Task goal:
From the material below, copy exactly the lines beginning with the one that contains "Massive Baer 14-inch" and ending with the one that contains "貴陽叁H養(yǎng)生殿坐"; the pictures stay out.

Data extracts:
——————————

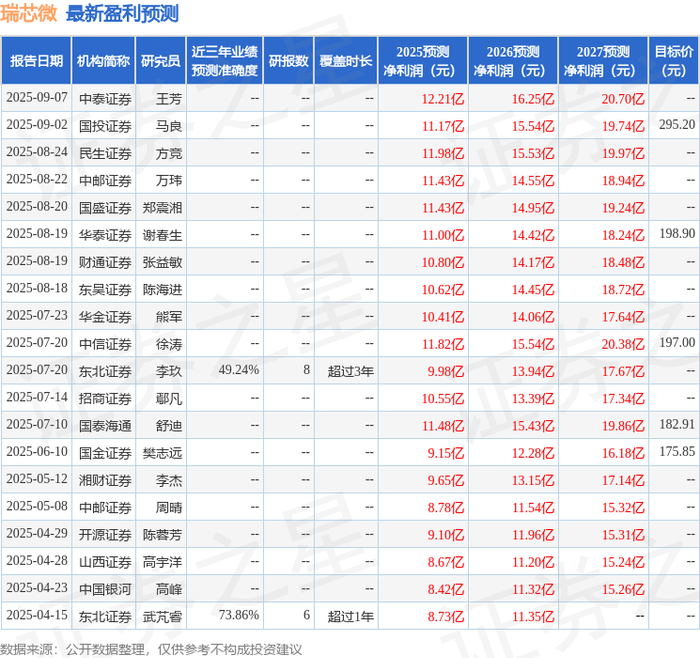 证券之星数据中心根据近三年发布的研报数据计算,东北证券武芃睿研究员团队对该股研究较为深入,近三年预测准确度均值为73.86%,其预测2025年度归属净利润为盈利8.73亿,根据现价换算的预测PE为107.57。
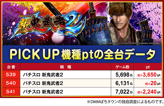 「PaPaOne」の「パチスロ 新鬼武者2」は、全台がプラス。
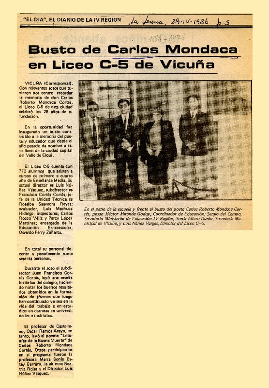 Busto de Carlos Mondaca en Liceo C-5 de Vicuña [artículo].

——————————

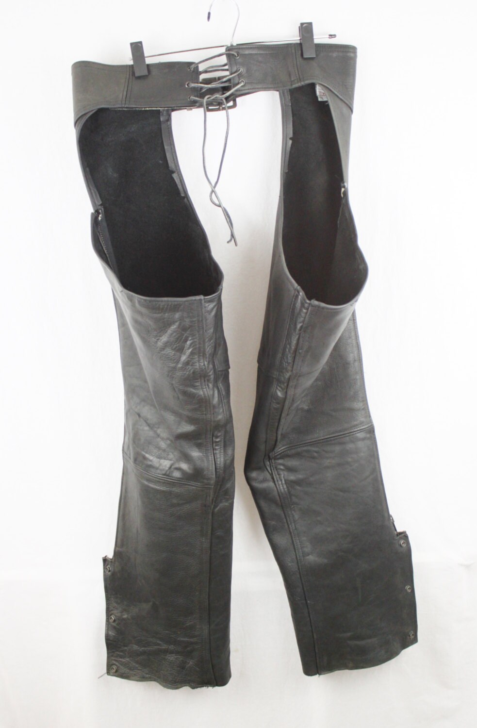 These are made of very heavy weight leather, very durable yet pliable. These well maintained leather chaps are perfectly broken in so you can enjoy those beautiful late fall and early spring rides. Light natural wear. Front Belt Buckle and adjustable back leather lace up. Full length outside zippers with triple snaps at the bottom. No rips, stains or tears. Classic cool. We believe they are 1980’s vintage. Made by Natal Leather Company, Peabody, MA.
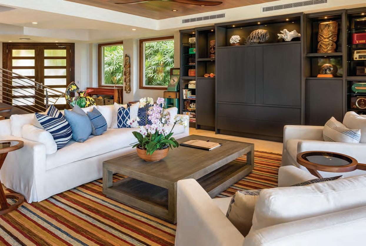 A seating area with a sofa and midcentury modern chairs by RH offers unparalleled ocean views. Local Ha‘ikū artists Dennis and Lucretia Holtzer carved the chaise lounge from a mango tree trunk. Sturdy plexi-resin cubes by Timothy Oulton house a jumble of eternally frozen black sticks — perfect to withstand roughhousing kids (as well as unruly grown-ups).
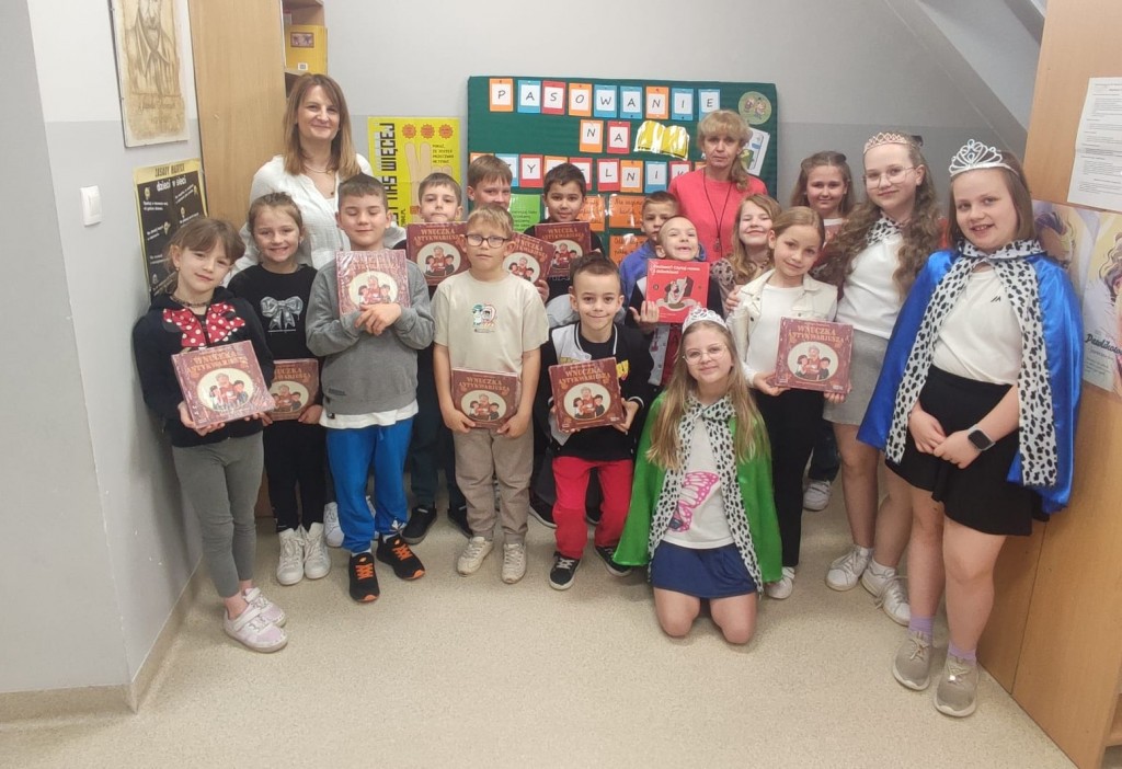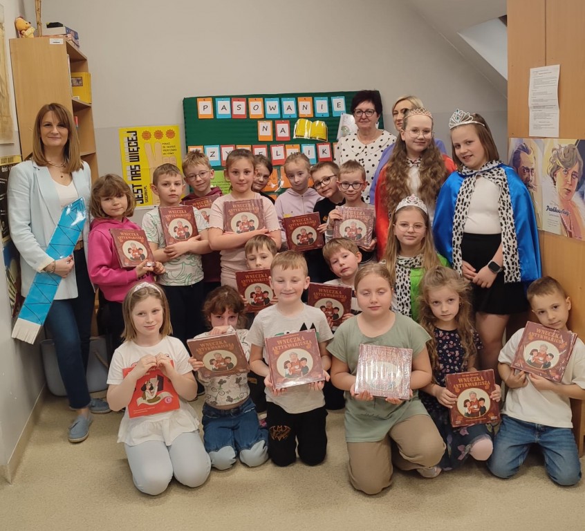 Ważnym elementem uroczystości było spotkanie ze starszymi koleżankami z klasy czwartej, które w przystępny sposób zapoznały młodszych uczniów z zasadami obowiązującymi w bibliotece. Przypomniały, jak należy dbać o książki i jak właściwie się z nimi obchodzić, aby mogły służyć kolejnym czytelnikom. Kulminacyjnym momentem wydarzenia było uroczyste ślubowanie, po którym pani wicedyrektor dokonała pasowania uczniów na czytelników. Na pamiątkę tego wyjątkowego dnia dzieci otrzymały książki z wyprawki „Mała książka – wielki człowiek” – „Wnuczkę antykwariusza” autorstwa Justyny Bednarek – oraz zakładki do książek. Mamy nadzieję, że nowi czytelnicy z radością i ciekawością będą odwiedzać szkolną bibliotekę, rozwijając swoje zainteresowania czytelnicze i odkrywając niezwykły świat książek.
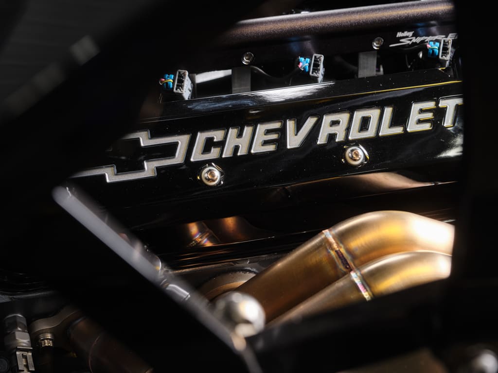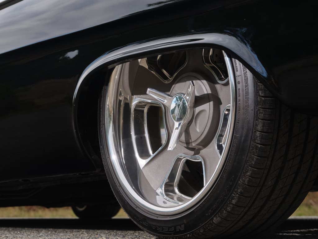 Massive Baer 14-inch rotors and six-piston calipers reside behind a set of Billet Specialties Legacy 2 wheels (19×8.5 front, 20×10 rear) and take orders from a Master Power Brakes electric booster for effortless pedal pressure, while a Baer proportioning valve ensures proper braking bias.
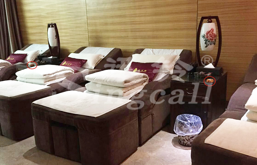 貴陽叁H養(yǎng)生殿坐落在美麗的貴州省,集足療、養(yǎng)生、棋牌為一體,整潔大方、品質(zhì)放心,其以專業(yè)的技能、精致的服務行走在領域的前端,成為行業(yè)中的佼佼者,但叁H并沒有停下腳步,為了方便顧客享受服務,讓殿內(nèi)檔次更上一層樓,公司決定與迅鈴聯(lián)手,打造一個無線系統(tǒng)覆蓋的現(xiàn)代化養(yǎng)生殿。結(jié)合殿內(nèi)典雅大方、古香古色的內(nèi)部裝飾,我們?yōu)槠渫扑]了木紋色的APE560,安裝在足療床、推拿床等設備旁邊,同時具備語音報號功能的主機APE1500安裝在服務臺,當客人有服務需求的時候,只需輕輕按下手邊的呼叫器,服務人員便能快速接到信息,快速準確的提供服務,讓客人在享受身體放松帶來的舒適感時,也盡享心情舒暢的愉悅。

——————————

Answer to this problem:
 Massive Baer 14-inch rotors and six-piston calipers reside behind a set of Billet Specialties Legacy 2 wheels (19×8.5 front, 20×10 rear) and take orders from a Master Power Brakes electric booster for effortless pedal pressure, while a Baer proportioning valve ensures proper braking bias.
 貴陽叁H養(yǎng)生殿坐落在美麗的貴州省,集足療、養(yǎng)生、棋牌為一體,整潔大方、品質(zhì)放心,其以專業(yè)的技能、精致的服務行走在領域的前端,成為行業(yè)中的佼佼者,但叁H并沒有停下腳步,為了方便顧客享受服務,讓殿內(nèi)檔次更上一層樓,公司決定與迅鈴聯(lián)手,打造一個無線系統(tǒng)覆蓋的現(xiàn)代化養(yǎng)生殿。結(jié)合殿內(nèi)典雅大方、古香古色的內(nèi)部裝飾,我們?yōu)槠渫扑]了木紋色的APE560,安裝在足療床、推拿床等設備旁邊,同時具備語音報號功能的主機APE1500安裝在服務臺,當客人有服務需求的時候,只需輕輕按下手邊的呼叫器,服務人員便能快速接到信息,快速準確的提供服務,讓客人在享受身體放松帶來的舒適感時,也盡享心情舒暢的愉悅。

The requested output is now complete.